Overhead
in the bedroom. I guessed it would be familiar. A sound from her childhood.
Her mother standing behind her when she was a little girl, smiling
at her reflection as her comb swished through her daughter’s
long, fair locks. Lucy tiptoed to the foot of the stairs. The swishing
continued. She climbed the stairs and pushed open the bedroom door.
The swishing abruptly stopped.
She was twirling the tortoiseshell comb in her fingers when Paul came
in, towel round his waist, dark curls damp on his chest. ‘Hey
Luce, whatever’s the matter?’ he exclaimed. ‘You
look as if you’ve seen a ghost.’
‘It’s nothing…nothing at all,’ she murmured.
But I knew her heart was pitter-pattering against her ribs. Between
the teeth of the comb were clearly visible several strands of my wife’s
long, blond hair.
There are generations of Wainrights buried in Saddlescombe churchyard.
Lucy found my grave without too much searching - almost as if I’d
drawn her there.
‘You’d make a super sleuth,’ remarked Paul, |
studying
the tombstone from which she’d scratched away a heavy layer
of lichen to pick out the date I’d died: 12th November 1906.
‘Hey,’ he exclaimed. ‘1906…wasn’t
that the same year…’
‘As they got married ....yes,’ she said, moving down
the line of headstones to stop at the last but one.

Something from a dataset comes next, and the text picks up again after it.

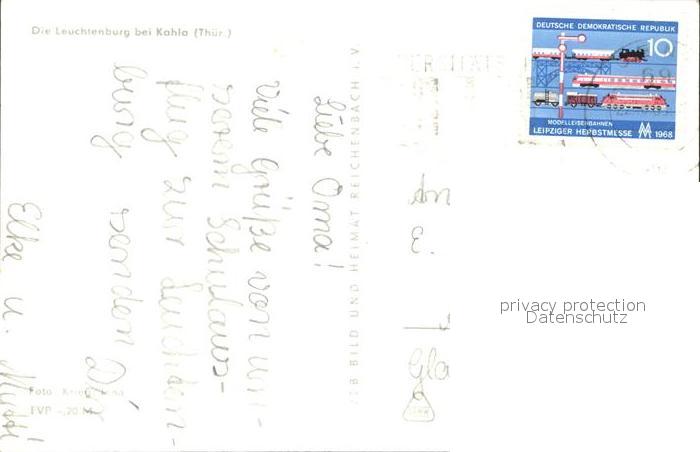 72357147 alte Postkarte Kahla Thueringen Leuchtenburg postalisch gelaufen Erhaltung siehe scans KatCode: 11110016074044

‘Don’t tell me,’ said Paul coming up behind and
putting his arms round her, resting his hands on her belly where
once a baby had briefly lived. ‘You’ve found Louise.’
Yes. She’d found her. And the inscription on her gravestone
came as no surprise. The words familiar now. Two lines of the sonnet
voiced in my soft Somerset burr.
From the dates on the graves, they were able to determine that I
was twenty one when I died, Louise sixty seven. They guessed correctly
that she never remarried.
‘And I suspect there were no kids,’ said Paul. He was
almost correct there.
Lucy didn’t answer. She now realised she was being guided.